• Action item:
Using the data below, print exactly the line with "As informações sobre", the line with "Petersyn Barrett Skirt", and every line between them, but none of the pictures.

• Source information:
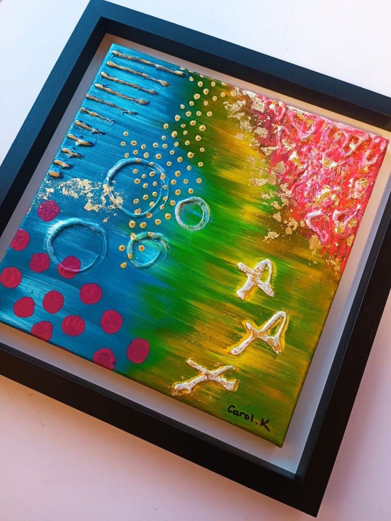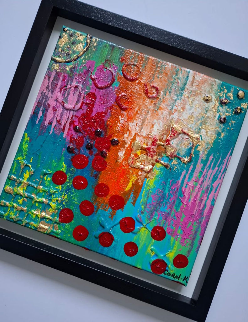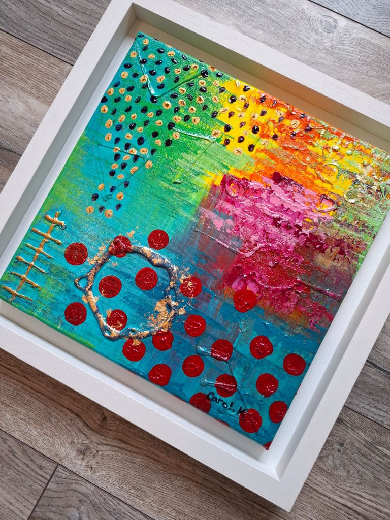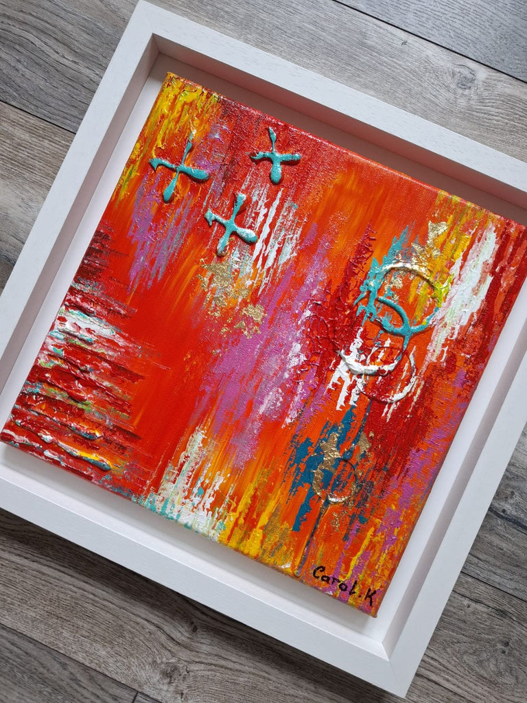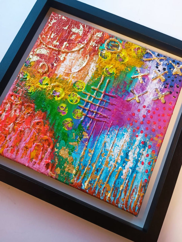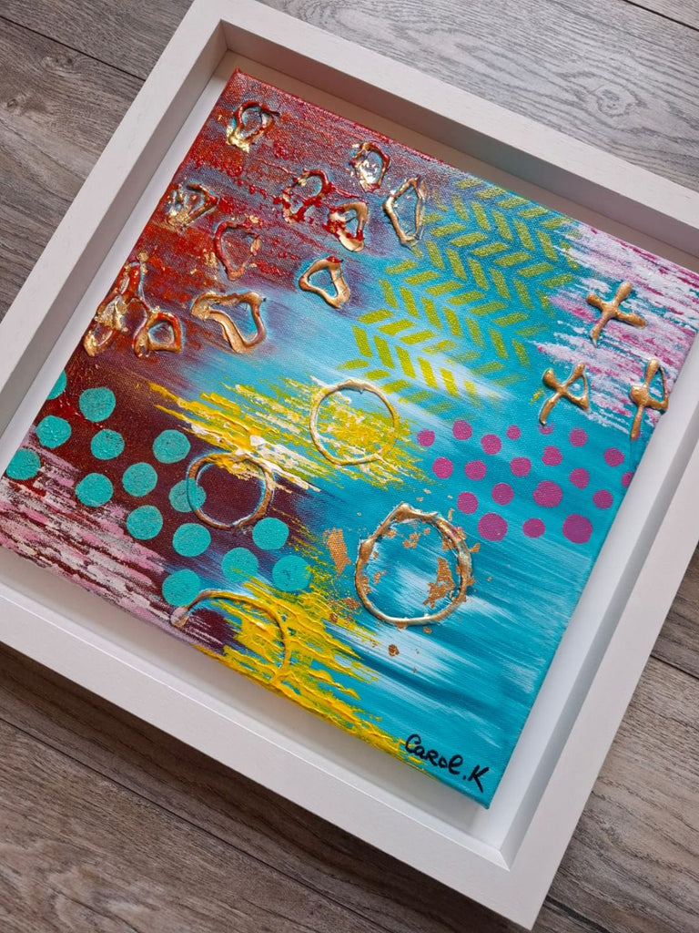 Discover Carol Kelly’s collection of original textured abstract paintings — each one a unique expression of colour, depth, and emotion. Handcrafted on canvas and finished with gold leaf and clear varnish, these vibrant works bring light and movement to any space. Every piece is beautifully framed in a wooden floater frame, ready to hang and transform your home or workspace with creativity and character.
---
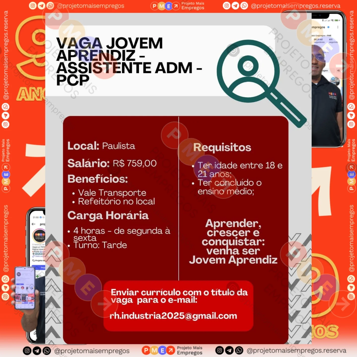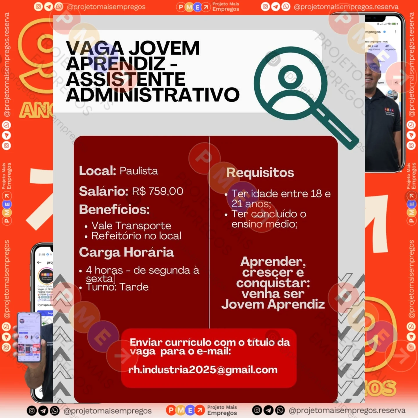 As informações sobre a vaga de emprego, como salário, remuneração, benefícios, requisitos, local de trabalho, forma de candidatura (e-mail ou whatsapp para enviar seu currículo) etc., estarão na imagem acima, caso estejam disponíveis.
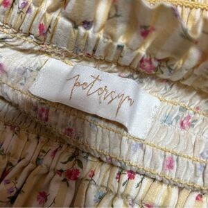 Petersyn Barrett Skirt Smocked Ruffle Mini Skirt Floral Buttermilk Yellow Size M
* * *
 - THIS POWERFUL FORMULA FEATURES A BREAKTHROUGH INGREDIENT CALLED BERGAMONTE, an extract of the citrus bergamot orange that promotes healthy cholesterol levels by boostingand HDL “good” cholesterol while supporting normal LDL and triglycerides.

• Answer section:
 As informações sobre a vaga de emprego, como salário, remuneração, benefícios, requisitos, local de trabalho, forma de candidatura (e-mail ou whatsapp para enviar seu currículo) etc., estarão na imagem acima, caso estejam disponíveis.
 Petersyn Barrett Skirt Smocked Ruffle Mini Skirt Floral Buttermilk Yellow Size M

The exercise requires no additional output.